**Description of the task**: I would like the lines below, from the one with "La etapa 3 es" through the one with "ズーム本城店の 10スロ革命の全貌を暴くため 隠密ますくofちゅうが", copied exactly and without any pictures.

*** Opening of Listed entries ***

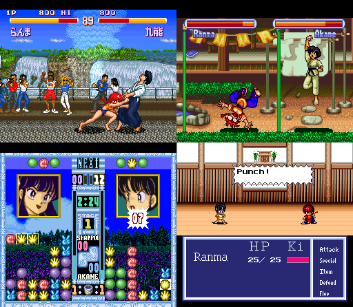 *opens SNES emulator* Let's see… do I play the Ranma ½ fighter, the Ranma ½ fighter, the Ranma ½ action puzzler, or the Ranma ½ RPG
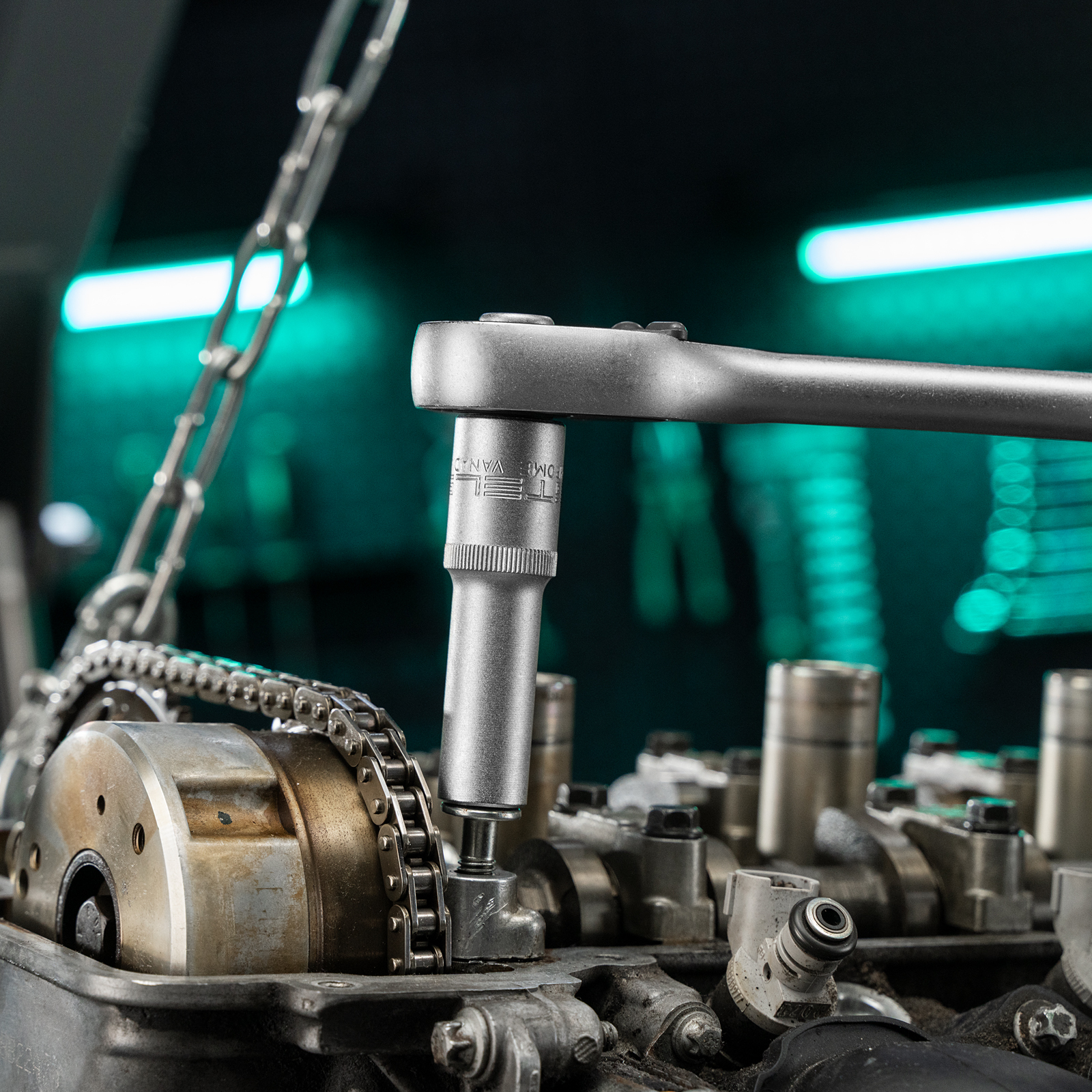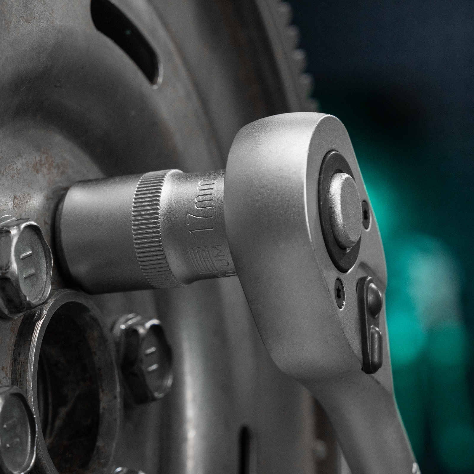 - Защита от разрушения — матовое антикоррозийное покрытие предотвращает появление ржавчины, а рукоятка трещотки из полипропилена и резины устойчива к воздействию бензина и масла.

*** Close of Listed entries ***
*** Opening of Listed entries ***

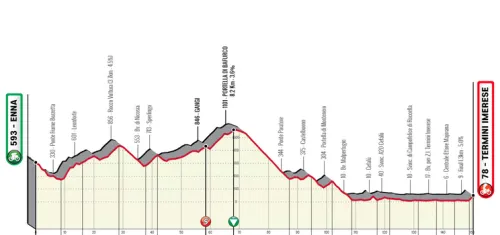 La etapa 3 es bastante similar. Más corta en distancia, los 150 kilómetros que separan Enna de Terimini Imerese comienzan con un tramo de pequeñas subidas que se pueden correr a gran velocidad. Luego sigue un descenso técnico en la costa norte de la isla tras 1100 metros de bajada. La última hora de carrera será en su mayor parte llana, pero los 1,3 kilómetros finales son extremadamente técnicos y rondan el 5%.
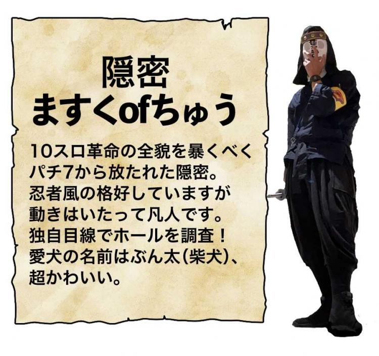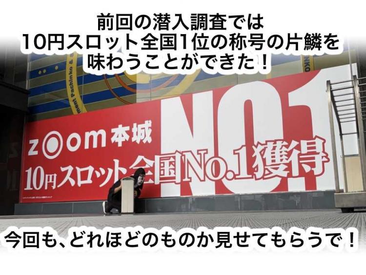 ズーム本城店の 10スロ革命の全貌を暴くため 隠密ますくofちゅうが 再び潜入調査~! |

*** Close of Listed entries ***

**Solution for this task**:
 La etapa 3 es bastante similar. Más corta en distancia, los 150 kilómetros que separan Enna de Terimini Imerese comienzan con un tramo de pequeñas subidas que se pueden correr a gran velocidad. Luego sigue un descenso técnico en la costa norte de la isla tras 1100 metros de bajada. La última hora de carrera será en su mayor parte llana, pero los 1,3 kilómetros finales son extremadamente técnicos y rondan el 5%.
 ズーム本城店の 10スロ革命の全貌を暴くため 隠密ますくofちゅうが 再び潜入調査~! |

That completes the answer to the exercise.